VAD maakte deel uit van het onderzoeksteam samen met Trimbos Instituut (NL – onderzoekscoördinator), Hogent (BE), Karolinska Instituut (Sw), University College London (UK) en the National Research Council (IT). Het project werd gefinancierd via ERANID.

Evoluties in middelengebruik in de tijd

In 2017 vulden in totaal 8.045 liefhebbers van EDM in Zweden, het Verenigd Koninkrijk, België, Italië en Nederland de Electronic Music Scene Survey (EMSS) online in. In 2018 volgde een follow-up enquête: Gingen mensen meer of minder uit dan het jaar ervoor? Hoe evolueerde hun middelengebruik en waarom? De voorlopige uitkomsten toonden dat er in de groep van jongvolwassenen die drugs gebruikten, zes verschillende soorten combi-gebruikers waren. Een jaar later waren er duidelijke veranderingen in hun druggebruik, meer dan cross-sectionele onderzoeken suggereren.

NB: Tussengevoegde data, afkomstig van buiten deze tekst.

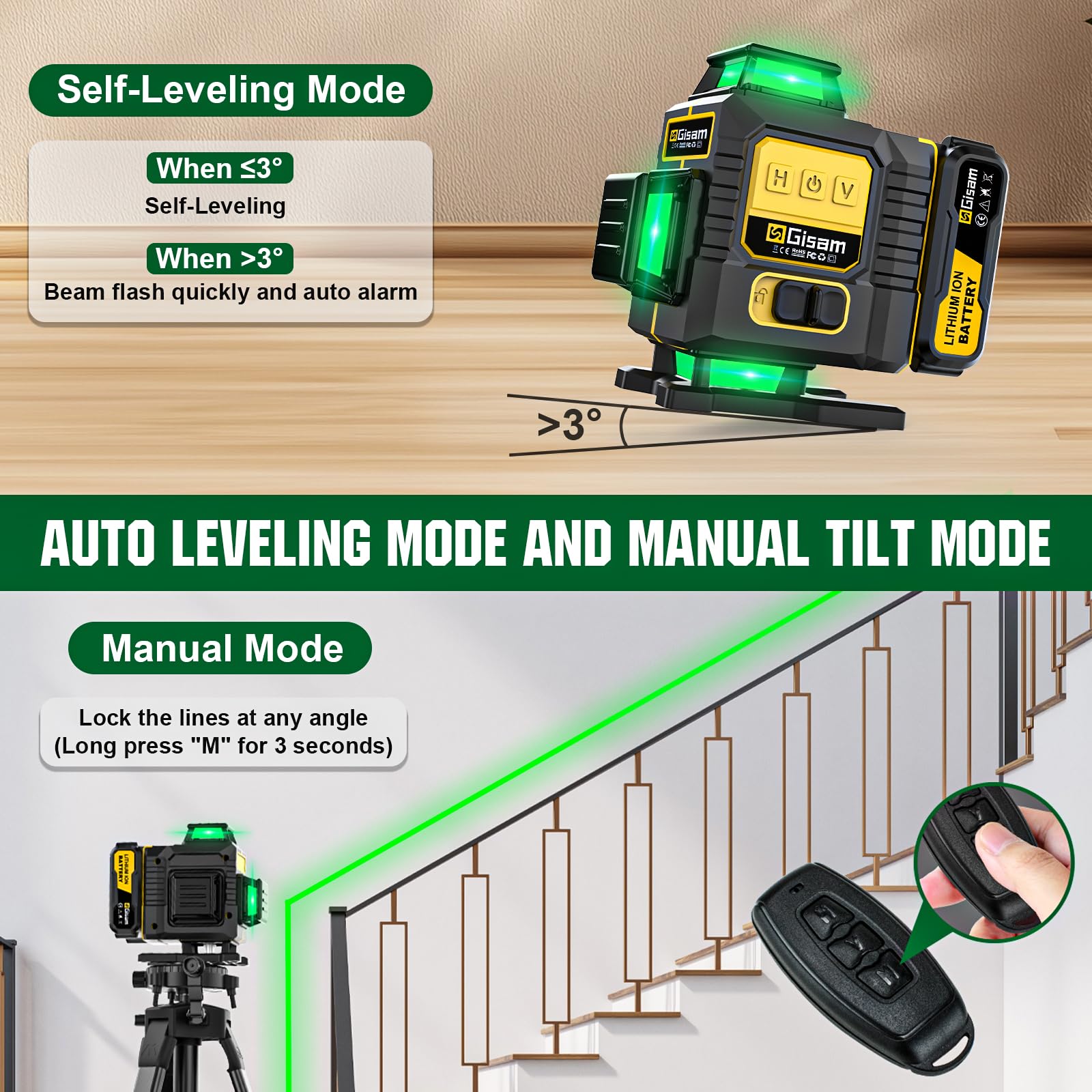 - Selbstnivellierung & Manueller Modus: Im selbstnivellierenden Modus richtet sich das Gerät bei Neigungen von bis zu 3° automatisch aus und warnt durch Blinken bei Überschreitung. Für individuelle Winkel kann das Pendel arretiert werden, um Linien in jeder gewünschten Schräge zu projizieren.
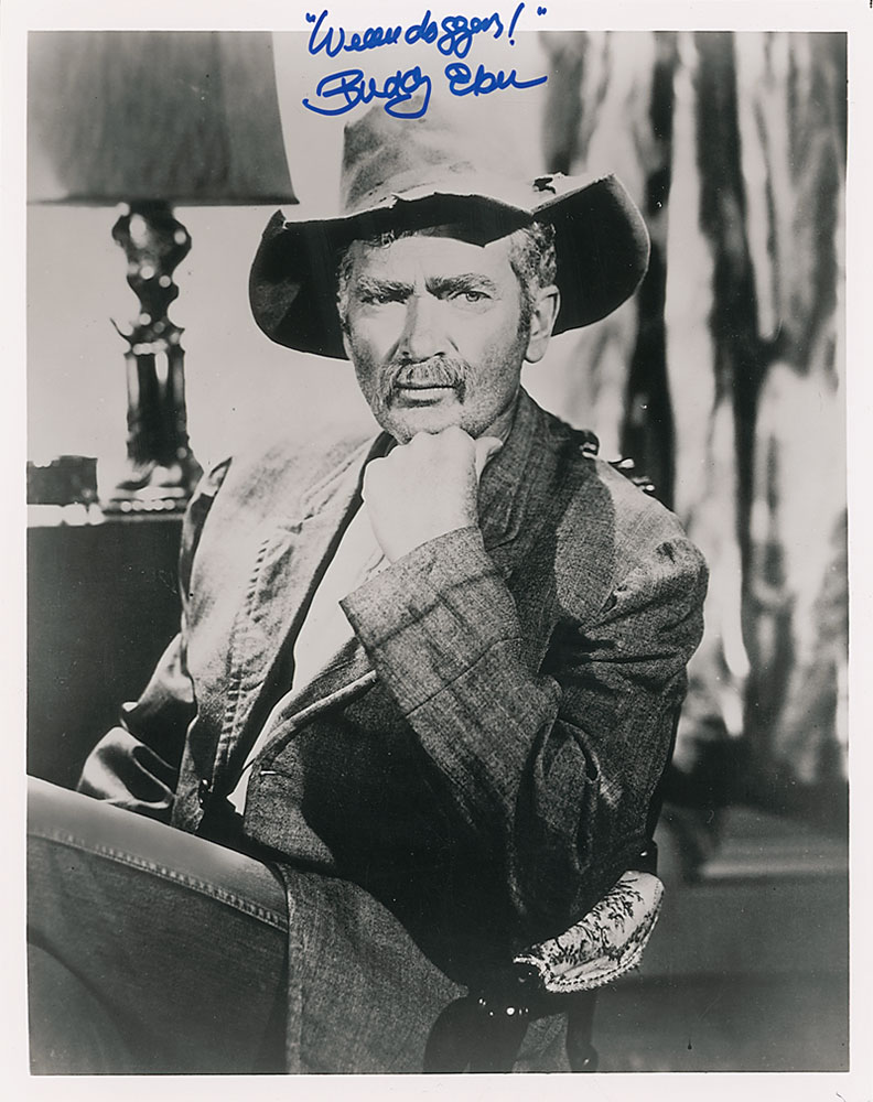 Glossy 8 x 10 photo of Ebsen from The Beverly Hillbillies, signed in blue felt tip, “‘Weeeee doggies!’ Buddy Ebsen.” In very fine condition. Pre-certified PSA/DNA and RR Auction COA.

Enkele opvallende conclusies:
• Het laatstejaarsgebruik van alcohol (95.9%), cannabis (64.1%), ecstasy (52.2%) en cocaine (38.6%) scoort het hoogst in deze populatie.
• De prevalentie en frequentie van ketamine- en cocaïnegebruik is tussen 2017 en 2018 gestegen onder Europese EDM-liefhebbers.
• Ketaminegebruikers hebben een verhoogd risico op problemen met geestelijke gezondheid en middelengebruik vergeleken met niet-ketaminegebruikers.
• Stijgingen en dalingen van het gebruik van bepaalde middelen zijn veel groter dan cross-sectionele prevalentiegegevens suggereren. We zien vooral sterke wijzigingen in de prevalentie van het gebruik van middelen zoals alkylnitraten (poppers), bepaalde nieuwe psychoactieve stoffen en slaap- en kalmeringsmiddelen. Zo werd in Nederland van 2017 tot 2018 een sterke daling van de prevalentie van 4-FA geconstateerd, wat verband hield met het verbod op deze drug in mei 2017.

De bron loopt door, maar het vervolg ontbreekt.